はじめに
不労所得化することができる
会社を買収することで、不労所得を得られる可能性もあります。不労所得とは、労働せずに得られる所得のことです。
すでに利益を生み出している会社であれば、会社自体が自分の所得を生む状態をつくりだすことができます。自分は働かず、会社が働いて、所得を得る、ということです。
ビジネスの勉強になる
実際に経営者になり、事業を運営することほど手触り感が得られるビジネスの勉強はないでしょう。ビジネス・パーソンとして部分を執りおこなっていたことと、経営者として全体感を捉えることは決定的に違います。
時間を買うことができる
一般的にM&Aは時間を買うことができると言われます。既にある程度でき上がっている事業や会社を買うことで、買収企業がそれまでに培ってきた時間を一気に手
に入れることができます。
こう書くといいことばかりに思えますが、リスクもあります。個人M&Aのデメリットや注意点についても記します。
買収企業の従業員や顧客のことを考える
購入する会社には、それまでに働いている従業員や、取引先やお客様がいます。
今までの社長から、いきなり見ず知らずの人が乗り込んでくるのをよく思わない従業員や顧客がいる可能性は、排他性が高い日本ではごく普通と考えるべきです。買収時には、関係者の感情面にも十分配慮する必要があります。

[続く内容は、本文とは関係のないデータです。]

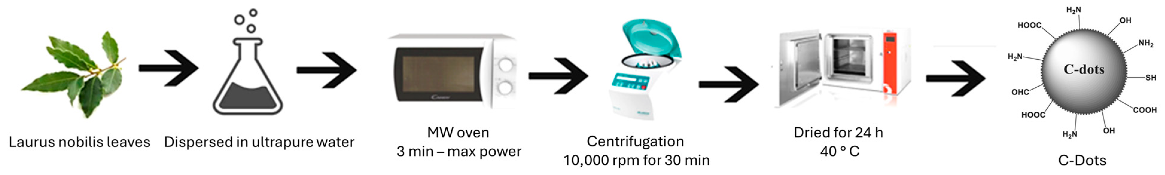 The synthesis of CDs was carried out as follows: Laurus nobilis leaves provided by the company Radice Cubica s.rl, Lecce, Italy, were thoroughly washed to remove dust and pollutants. They were then air-dried at room temperature, chopped, and 3 g were weighed and placed into a glass flask with 20 mL of ultrapure water. The glass flask was then placed in a microwave oven for approximately 3 min at maximum power. Afterward, the solution was transferred into centrifuge tubes and centrifuged at 10,000 rpm for 30 min. The dark brown pellet containing the synthesized nanoparticles was collected and washed with deionized water.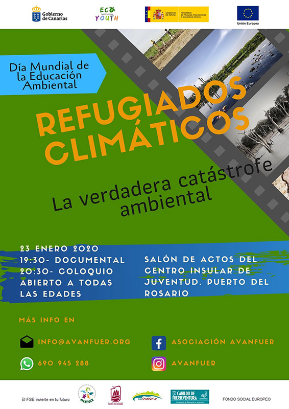 El Cabildo de Fuerteventura, a través de la Consejería de Juventud, colabora con la proyección del documental «Refugiados Climáticos: la verdadera catástrofe ambiental», que tendrá lugar este jueves 23 de enero a las 19.30 horas en el Salón de Actos del Centro Insular de Juventud.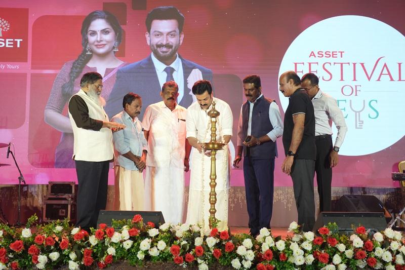 A significant moment followed as the ceremonial lamp was lit by an esteemed panel including Mr. Prithviraj Sukumaran (Brand Ambassador, Asset Homes), Mr. Antony Raju (MLA, Thiruvananthapuram North Constituency), Mr. Hari Kumar C (Ward Councilor, Thampanoor), Joint Venture Partners Mr. Rayfe Joseph and Mr. B.S. Bhasi, Mr. Sunil Kumar V (Founder & Managing Director, Asset Homes), and Mr. Tony John (CEO, Asset Homes), symbolizing the light of prosperity for every home and family present. The gathering was captivated by Mr. Prithviraj Sukumaran’s inaugural address, where he applauded the legacy of Asset Homes and shared his heartfelt wishes with the new homeowners.
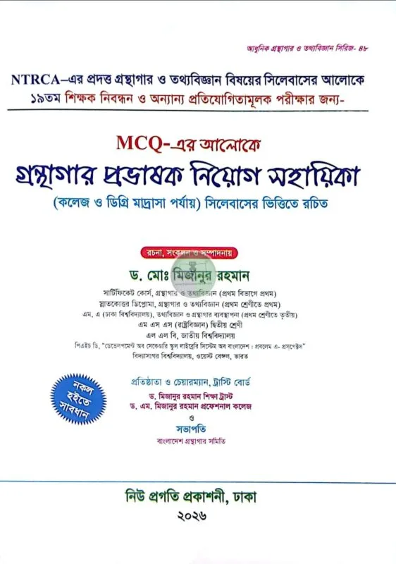 বাংলাদেশের স্কুল, কলেজ ও মাদ্রাসা গ্রন্থাগারের গ্রন্থাগার পেশাজীবীদের ৩১.০৫.২০২১ তারিখে এনটিআরসি-এর মাধ্যমে নিয়োগ আদেশ জারি করে ১৭ ও ১৮তম নিবন্ধন পরীক্ষার মাত্র ২টি ব্যাচের মেধাতালিকার ভিত্তিতে ‘সহকারী শিক্ষা (গ্রন্থাগার ও তথ্যবিজ্ঞান)’ ও ‘গ্রন্থাগার প্রভাষক’-এ চূড়ান্ত করে নিয়োগ প্রদান করা হয়েছে। পুস্তকটি বিগত ২টি ব্যাচের শতভাগ সফলতা পাওয়ার সাথে সাথে ‘গ্রন্থাগার প্রভাষক নিয়োগ সহায়িকা’ বইটি বাজারে ব্যাপক চাহিদা বৃদ্ধি পেয়েছে। গ্রন্থাগার ও তথ্যবিজ্ঞান বর্তমানে উচ্চশিক্ষা এবং পেশাজীবনের ক্ষেত্রে একটি গুরুত্বপূর্ণ ও অগ্রগণ্য বিদ্যা হিসেবে প্রতিষ্ঠিত। বিশেষ করে এনটিআরসিএ-র কলেজ ও মাদ্রাসা ডিগ্রি পর্যায়ের সিলেবাস অনুসারে ১৯তম নিবন্ধনের জন্য অনুযায়ী পরিবর্তিত প্রেক্ষাপটে ‘গ্রন্থাগার প্রভাষক নিয়োগ সহায়িকা (MCQ-এর আলোকে)’ পুস্তকটি রচিত হয়েছে। কেননা সম্পূর্ণ নতুন প্রশ্ন প্যাটার্ন ও নির্দেশনায় নিয়োগ পরীক্ষায় অংশগ্রহণকারীদের জন্য একটি সুসংগঠিত, নির্ভরযোগ্য এবং আলোচনামূলক সহায়ক গ্রন্থের প্রয়োজনীয়তা দারুণভাবে দেখা দিয়েছে। এই প্রয়োজন থেকেই এমসিকিউ এর আলোকে উল্লেখিত শিরোনামের গ্রন্থটি রচনার প্রয়াস।

M&Aの理解が得られないと、優秀な人材が流出してしまうことは間々あります。また、M&A後に労働条件が変化した場合は尚更です。人材流出を防ぐためには、処遇の維持、評価や給与制度の見直し、将来の見通しなどの情報を共有し、従業員の理解・共感を得ることが大切です。
簿外債務に気を付ける
企業買収の際には、簿外債務に注意します。簿外債務とは、貸借対照表には計上されていない債務です。
中小企業では、税務会計を実施して決算書を作成します。その際に、利益をできるだけ少なくしようとすることがあります。中小企業の貸借対照表では、未払い給与や賞与・退職給付引当金などが簿外債務として計上されることになります。会社を買収する場合、当然ですが簿外債務も引き継ぎます。訴訟絡みの簿外債務がある場合もあります。リスクがありそうな簿外債務が確認されたら、買収は控えるべきでしょう。
会社が連帯保証人になっているかを確認する
被買収会社が連帯保証をしているかを調べなければなりません。小さな会社はオーナー個人が連帯保証をしたうえで銀行から借入をしているケースがあります。会社を買収すると、前オーナーが結んだ連帯保証も引き継ぐ必要があります。十分に注意が必要です。

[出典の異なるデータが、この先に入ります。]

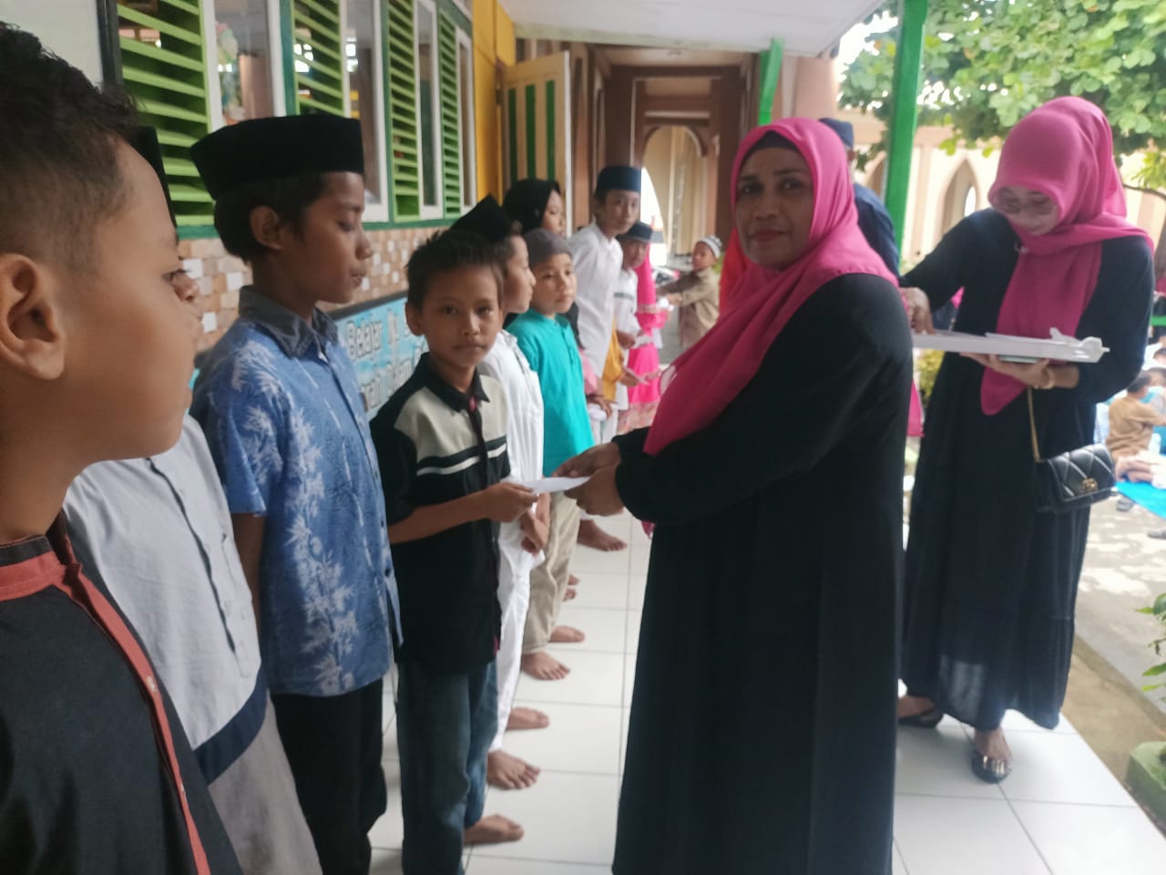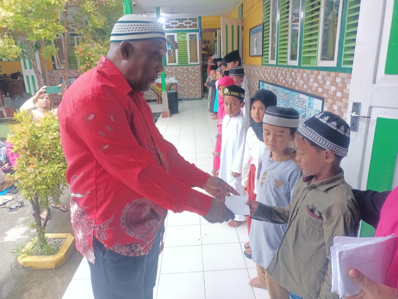 Selain kegiatan batal bersama, kata Kepsek ada juga pemberian santunan. Pemberian santunan itu berupa program sekolah yang sudah jalan selama 1 tahun, yaitu uang berupa Rp1.000 yang dimasukkan ke dalam celengan selama 1 tahun.
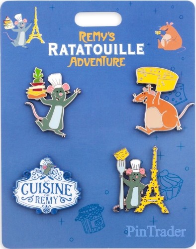 | Our Remy's Ratatouille Adventure Booster Pin Set has four essential ingredients for a well-seasoned pin collection. Remy, Emile, and cheese feature prominently in this gourmand group that celebrates the new ride at Walt Disney World. Magic in the details * Set includes four pins: Remy with stack of food, Emile with cheese wheel, Remy with cheese tower, and ''Cuisine de Remy'' logo * Logo for Remy's Ratatouille Adventure * Enameled cloisonné * Silvertone finish * Disney Pin Trading backstamp * Mickey Mouse icon pin backs * Come on card * Inspired by Remy's Ratatouille Adventure at Walt Disney World The bare necessities * Metal / enamel / PVC * Card: 5 1/2'' H x 2'' W * Imported |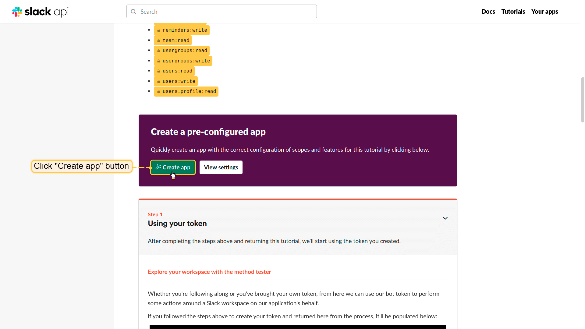 - In "How to quickly get and use a Slack API token" page, scroll below and find "Create a pre-configured app";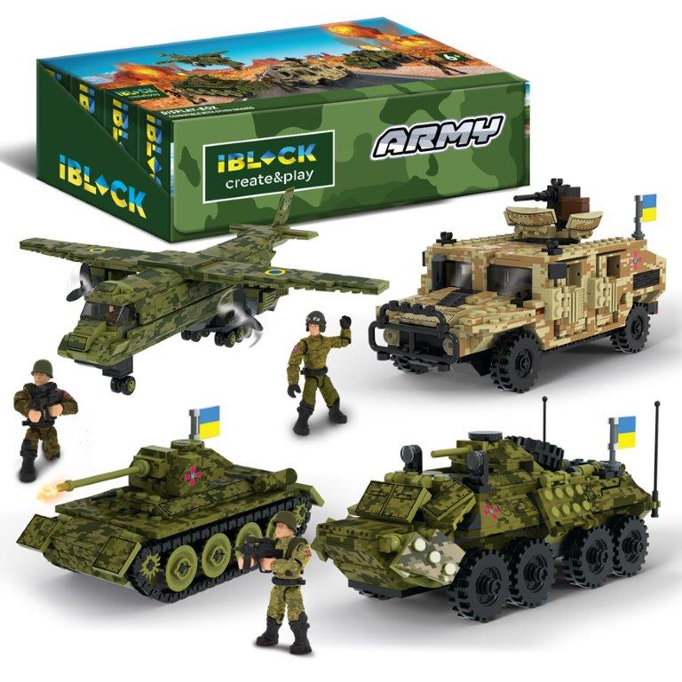 Конструктор IBLOCK АРМИЯ 1182дет., инструкция на украинском языке, наклейкии комплект, в кор. 63,5*42,5*9см (6шт)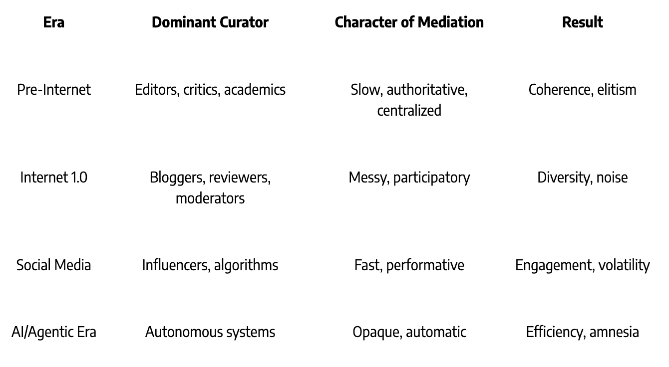 Think briefly back to before algorithms, feeds, and “content,” when culture depended on a priesthood of interpreters: editors, critics, DJs, museum curators, professors. God knows they were not always right, but they performed a vital economic function: filtering abundance into something more coherent. In other words, gatekeeping the enormous amounts of shit that’s created. These interpreters were the market’s price stabilizers, so to speak, for truth and taste.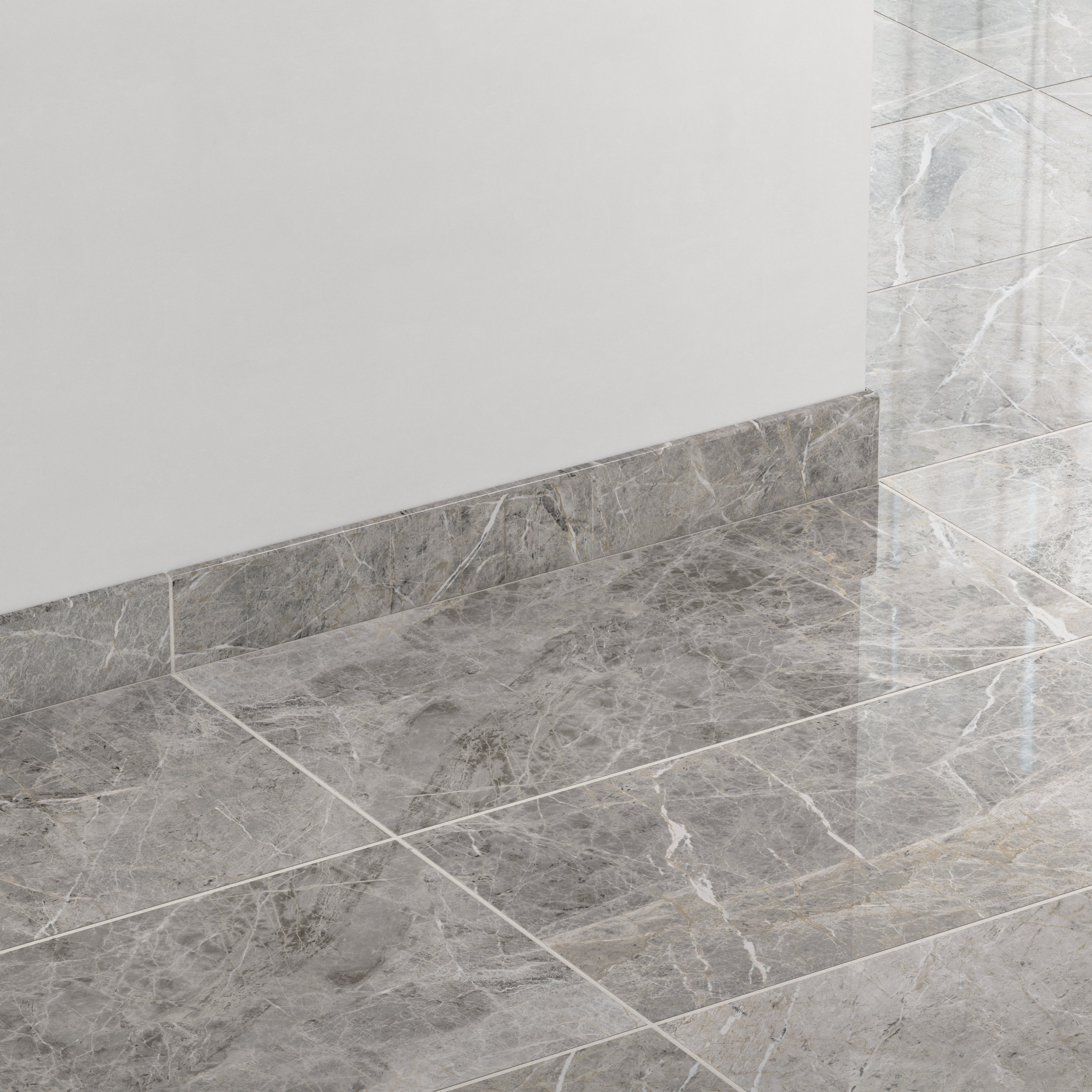 Featuring the same natural marble aesthetic, our Chantel 3x24 Polished Porcelain Bullnose Tile in Imperial provides a seamless finishing detail for edges, corners, and wall terminations with its striking veining across its rich mid-gray surface, accentuated by a sleek finish for a smooth, elegant transition.

この他にも、脱税や贈収賄に関わっていないかなどの確認は必要です。過度に恐れる必要はないと思いますが、十二分に気を付けて個人M&Aは進めるべきです。
会社は株主の所有物であり、投資家にとっては売り買いの対象です。上場企業であれば、市場で当該企業の株式を購入することが可能です。いっぽう、会社では顧客に対して価値を提供し対価を獲得する活動は、社員が行なっています。所有と執行は別物とはいえ、当事者がいるのは事実です。資金があれば会社は買えますし、そうなると労使間越境は実現しますが、経営者として執行することに徹底してコミットすることは絶対的に必要です。